- Developer: Backbone Entertainment
- Publisher: Eidos
- Platforms: Wii, PlayStation 2, Nintendo DS
- Release: November 4, 2008
- Genre: Action role-playing
- Modes: Single player, multiplayer (Nintendo versions only)

= Monster Lab =

2008 video game

Monster Lab is a video game for the Wii, PlayStation 2 and Nintendo DS that was developed by Backbone Entertainment and published by Eidos. Debuting at the 2006 Comic-Con International convention in comic book form as Mad Science Alliance, the game was described as "Pokémon meets Tim Burton". The player controls a scientist and is helped by three professors to build his own humanoid monster. There are 150 parts to build a monster (which affect the monster's strengths and weaknesses), and 300 items. The Wii version featured Wi-Fi online modes until the service was discontinued. In addition to turn-based combat, extensive use is made of the DS stylus and Wii Remote and Nunchuck in monster-building minigames.

==Mad Sciences==
A main point of the game focuses on the three types of Mad Sciences. They are mechanical, biological and alchemical. Three portions of the Castle (your HQ) are the three areas of these sciences. They are the Workshop (owned by Professor Fuseless), bio chamber (owned by Dr. Heleena Sonderbar), and arcanium (owned by Brazo De La Sombra).

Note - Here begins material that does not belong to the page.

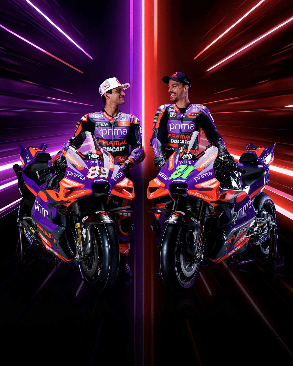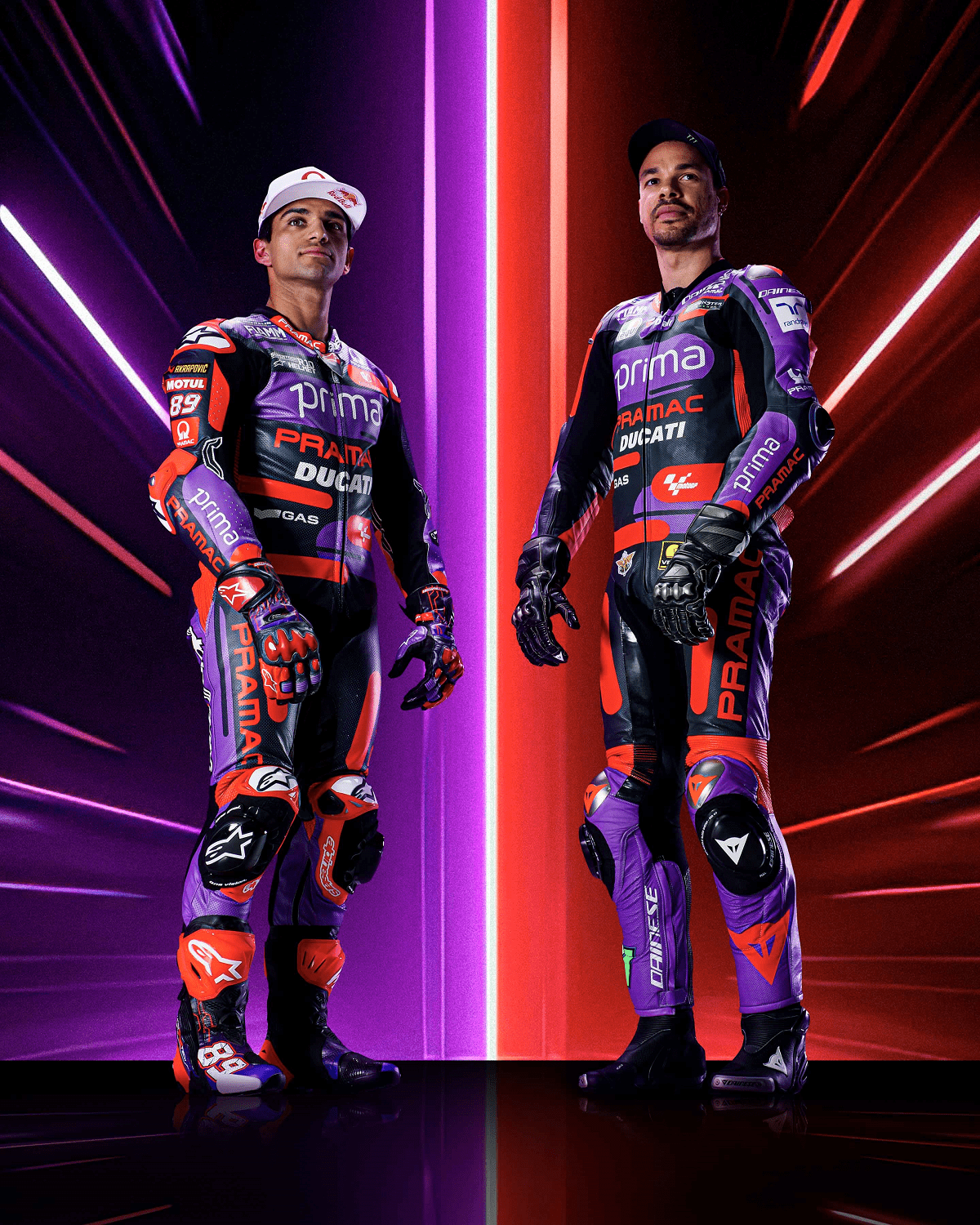 The Team in the red and purple livery will be present on the starting blocks with fresh ambitions, following its Team World Champion title in 2023 – a historic first for an independent team – and the excellent season of Jorge Martin, who was in the running for the title of Riders’ Champion right up until the last race, and took home the title of Best Independent Rider. The Spaniard, about to ride his Ducati Prima Pramac for the fourth consecutive year, ended the last season with four GP and nine sprint race victories, totalling 22 spots on the podium (including sprint races).
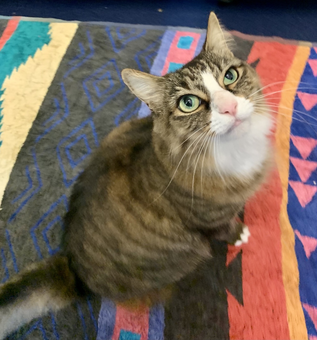 Paris was sadly surrendered due to no fault of her own. She has been lovely to have around. She is very affectionate, gentle and enjoys a good chat too. She will say hi to you as you enter her space, and welcome you with a bunt on your legs and a little soft wink, that sends a loving invite to pat her.

- The mechanical science makes mechanical parts for your monster, they may be gear and steam-powered or shiny and futuristic.
- The biological science makes living parts, a lot of plants, and things made of human and animal flesh.
- The alchemical science makes (summons) magic parts for your monsters, including undead, elemental, or mythical creature components.

Mechanical attacks are strong against biological parts, biological attacks are strong against alchemical parts, and alchemical attacks are strong against mechanical parts. In order to create parts, you have to collect ingredients from defeated enemies and mini-games. Those ingredients are brought to the labs of one of the three mad scientists where you play mini-games to combine the pieces into either legs, heads, torsos, or arms. You may then create your own controllable monster by combining the parts into a single creature.

== Plot ==
The world of Uncanny Valley has been plunged into darkness by the iron-fist rule of Baron Mharti. It is up to you and the decorated mad scientists to defeat him and restore peace to their world.

==Reception==
The Wii version was nominated for Best RPG for the Wii by IGN in its 2008 video game awards.